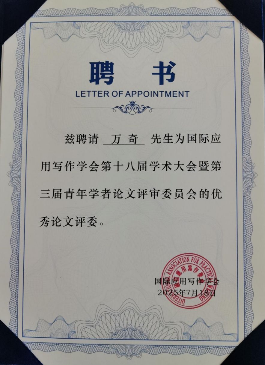 565net必赢官网万奇教授、白建忠教授应邀参加了本次研讨会。万奇教授作为国际应用写作学会的副会长,作了题为《论礼仪文书写作课的教学之道与教学之术》的主题学术报告。万奇教授被聘为本次会议论文评审委员会的优秀评委,并且作为第四分会场的学术观察员,对本组的论文作了精彩的点评。白建忠教授在自由发言阶段作了题为《明代章奏之体的演变》的学术报告。在本次会议上,565net必赢客户端的写作教研室成为国际应用写作学会高校虚拟教研室联盟成员。
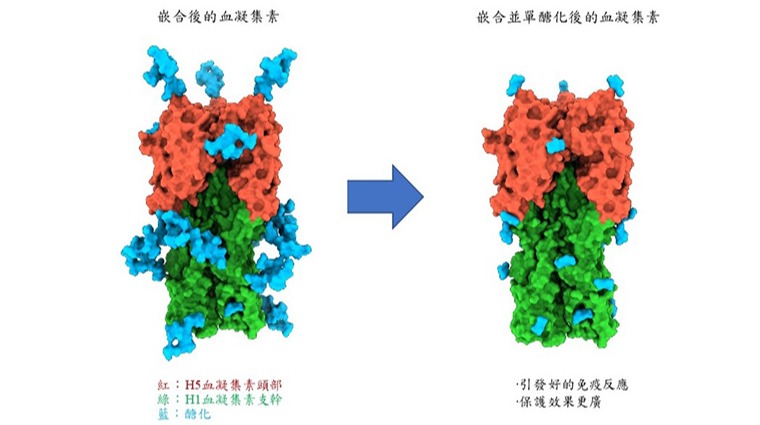 為了進一步優化疫苗效力,研究團隊還利用單醣化技術,修飾血凝集素上特定部位多餘的醣,簡化後的嵌合蛋白可以露出不易突變的區域,使得人體免疫系統更容易辨識、消滅已被感染的細胞。
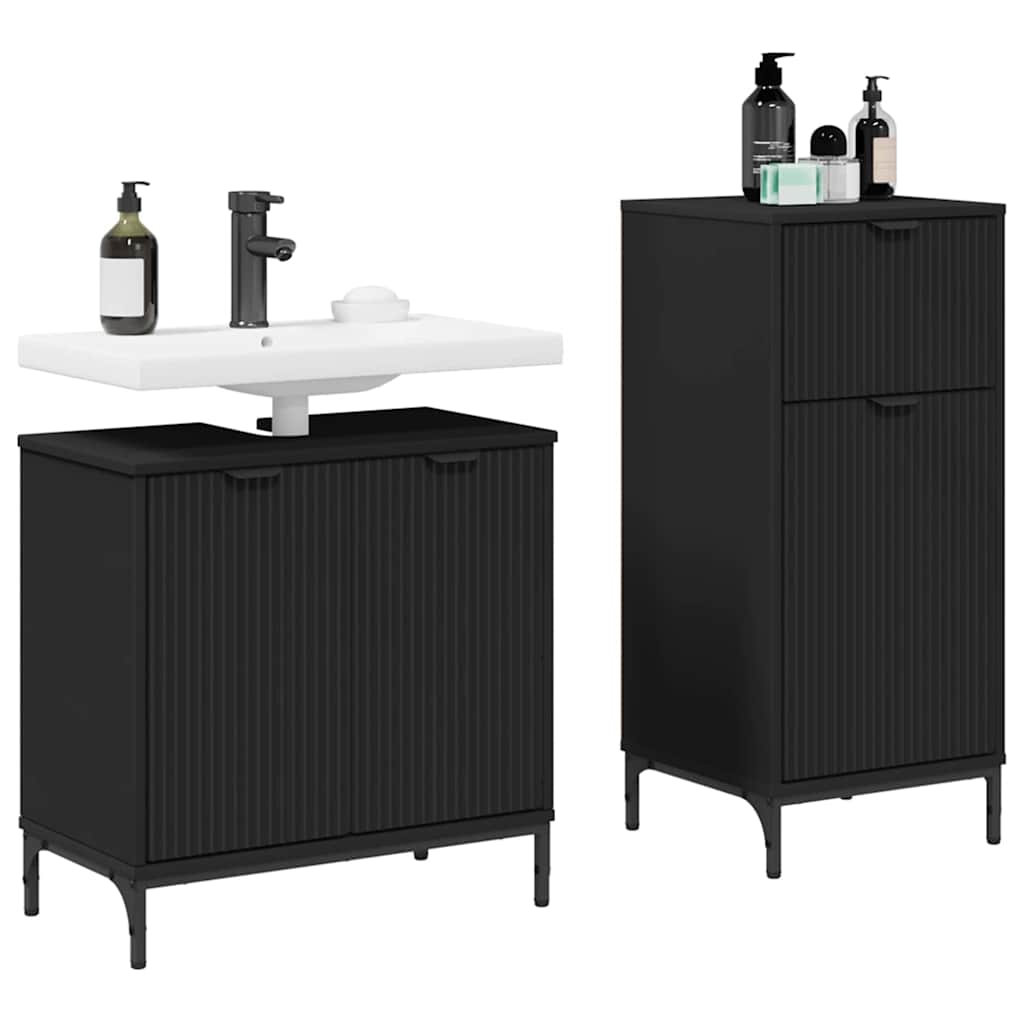 Set de mobilier pentru baie 2 pcs Negru 39.5 x 36 x 88 cm

_EXERCISE DETAILS_
Repeat the material above in full and unchanged, minus its images.

_OUTPUT FOR THIS EXERCISE_
 565net必赢官网万奇教授、白建忠教授应邀参加了本次研讨会。万奇教授作为国际应用写作学会的副会长,作了题为《论礼仪文书写作课的教学之道与教学之术》的主题学术报告。万奇教授被聘为本次会议论文评审委员会的优秀评委,并且作为第四分会场的学术观察员,对本组的论文作了精彩的点评。白建忠教授在自由发言阶段作了题为《明代章奏之体的演变》的学术报告。在本次会议上,565net必赢客户端的写作教研室成为国际应用写作学会高校虚拟教研室联盟成员。
 為了進一步優化疫苗效力,研究團隊還利用單醣化技術,修飾血凝集素上特定部位多餘的醣,簡化後的嵌合蛋白可以露出不易突變的區域,使得人體免疫系統更容易辨識、消滅已被感染的細胞。
 Set de mobilier pentru baie 2 pcs Negru 39.5 x 36 x 88 cm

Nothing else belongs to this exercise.